_DESCRIPTION OF THE TASK_:
Write out, word for word, every line in the data below from the one containing "Карта мира Ортелиуса, взятая" to the one containing "換気・照明(確度78%):天", both of them included.

_LISTED RECORDS_:
+++
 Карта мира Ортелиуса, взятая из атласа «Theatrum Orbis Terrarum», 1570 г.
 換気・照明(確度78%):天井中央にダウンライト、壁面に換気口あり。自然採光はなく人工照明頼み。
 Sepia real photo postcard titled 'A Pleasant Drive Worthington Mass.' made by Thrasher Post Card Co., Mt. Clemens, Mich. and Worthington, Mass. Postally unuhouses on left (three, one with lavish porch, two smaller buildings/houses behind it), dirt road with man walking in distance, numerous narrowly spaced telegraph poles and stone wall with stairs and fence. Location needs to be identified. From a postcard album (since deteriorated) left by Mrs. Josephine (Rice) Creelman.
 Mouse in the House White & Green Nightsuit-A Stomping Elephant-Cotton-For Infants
+++
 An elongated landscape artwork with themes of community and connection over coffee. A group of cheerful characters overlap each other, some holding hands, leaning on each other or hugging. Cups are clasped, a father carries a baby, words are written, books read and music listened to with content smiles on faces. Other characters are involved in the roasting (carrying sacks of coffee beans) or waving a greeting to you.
+++
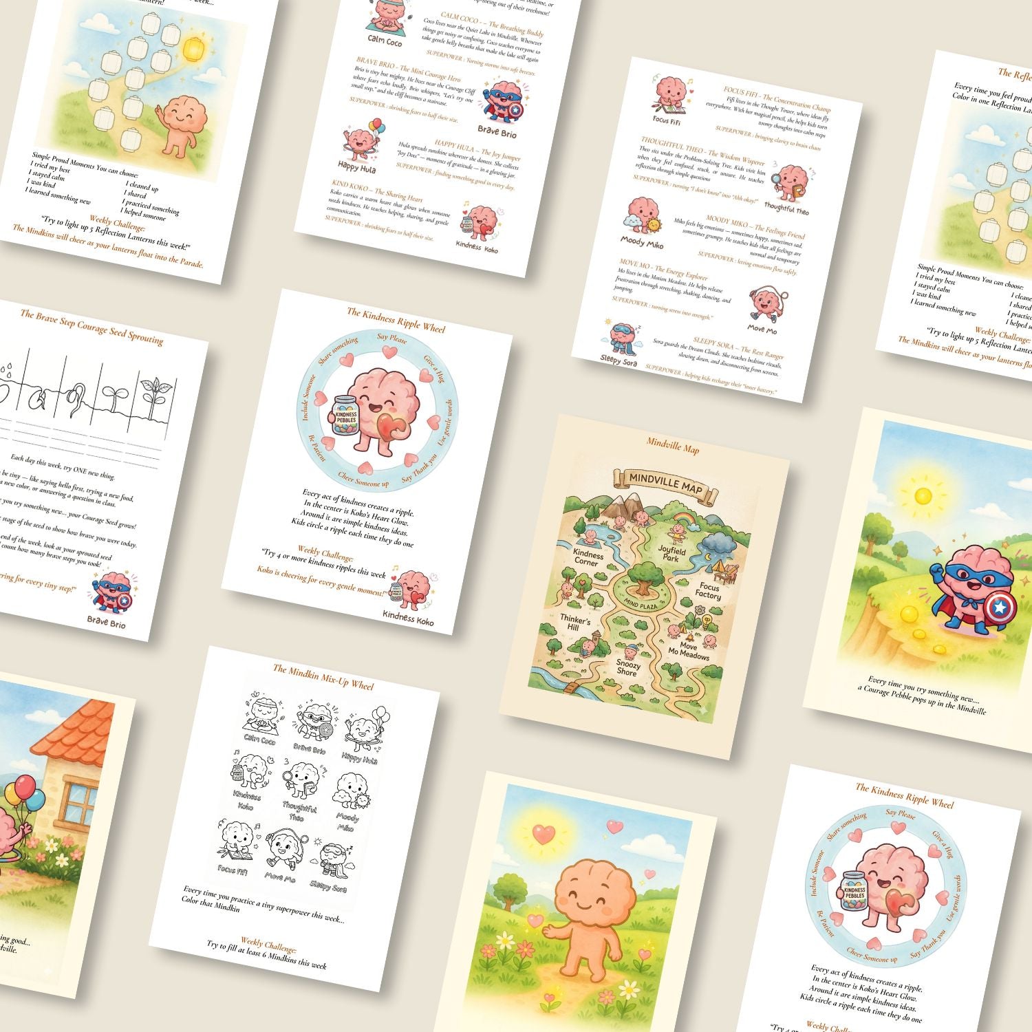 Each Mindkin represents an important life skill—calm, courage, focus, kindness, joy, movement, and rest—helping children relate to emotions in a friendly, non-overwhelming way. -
+++
_TASK RESULT_:
 Карта мира Ортелиуса, взятая из атласа «Theatrum Orbis Terrarum», 1570 г.
 換気・照明(確度78%):天井中央にダウンライト、壁面に換気口あり。自然採光はなく人工照明頼み。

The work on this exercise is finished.